Recurrence and survival prediction in HCC
In routine clinical settings, LR is preferred as the first-line treatment option for HCC patients at an early stage and with preserved liver function, whereas liver transplantation (LT) is recommended for end-stage HCC patients with clinically proven portal hypertension and early-stage HCC meeting the Milan criteria. For patients who are not suitable for LR or LT (Barcelona Clinic Liver Cancer (BCLC) stage 0-A and some selected BCLC stage B), non-surgical local ablation techniques are considered as best choices[27,28,57,58]. However, post-treatment recurrence remains a thorny problem that hinders clinical management progress and patient survival[59-65]. Therefore, it is of emerging significance to preoperatively predict the recurrence risk after treatments.

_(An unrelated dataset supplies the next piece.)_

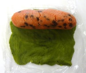 いちごパウダーを加えた生地は円柱型にまとめます。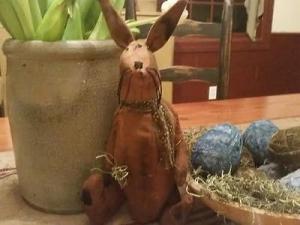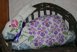Primitive Vintage Cross Stitch Bunny Rabbit Pillow Basket Filler Spring Easter

Several radiomics studies based on preoperative CT or MRI have yielded favorable performance in post-LR ER predictions[66-72]. In a recent multi-center study by Ji et al, recurrence-related radiomic features were extracted from preoperative CECT images of 295 surgically proven HCC patients from three independent institutions and then built with LASSO and Cox regression. The two radiomics-based models presented better prognostic ability [concordance index (C-index): 0.77, P < 0.05)], lower prediction error (integrated Brier score: 0.14), and better clinical usefulness than rival models and staging systems. Another mp-MRI based radiomics study by Zhao et al established radiomics models deriving from in-out-phase T1WI, T2WI, DWI, and CE-MRI images. The combined nomogram integrating the Rad score and clinicopathologic-radiologic (CPR) risk factors showed better discrimination and clinical utility than the CPR and radiomics models alone (AUC: 0.873 vs 0.742, respectively). For recurrence predictions for HCC after LT, Guo et al also combined the CT-based radiomics signature and clinical risk factors to develop and validate a radiomics nomogram in LASSO and Cox regression algorithm, which achieved good predictive performance for recurrence-free survival with a C-index of 0.785 (95%CI: 0.674-0.895) in the training set and 0.789 (95%CI: 0.620-0.957) in the validation set. As for HCC patients who underwent ablation, Yuan et al extracted radiomics features from three-phase preoperative CECT images (AP, PVP, and parenchymal phase), selected the significant features by mMRM, and then built a radiomics signature using LASSO and Cox regression. Similarly, the PVP-combined model adding the clinicopathological factors produced the best predictive performance to predict ER after curative ablation with a C-index of 0.792 (95%CI: 0.727-0.857) in the training set and 0.755 (95%CI: 0.651-0.860) in the validation set.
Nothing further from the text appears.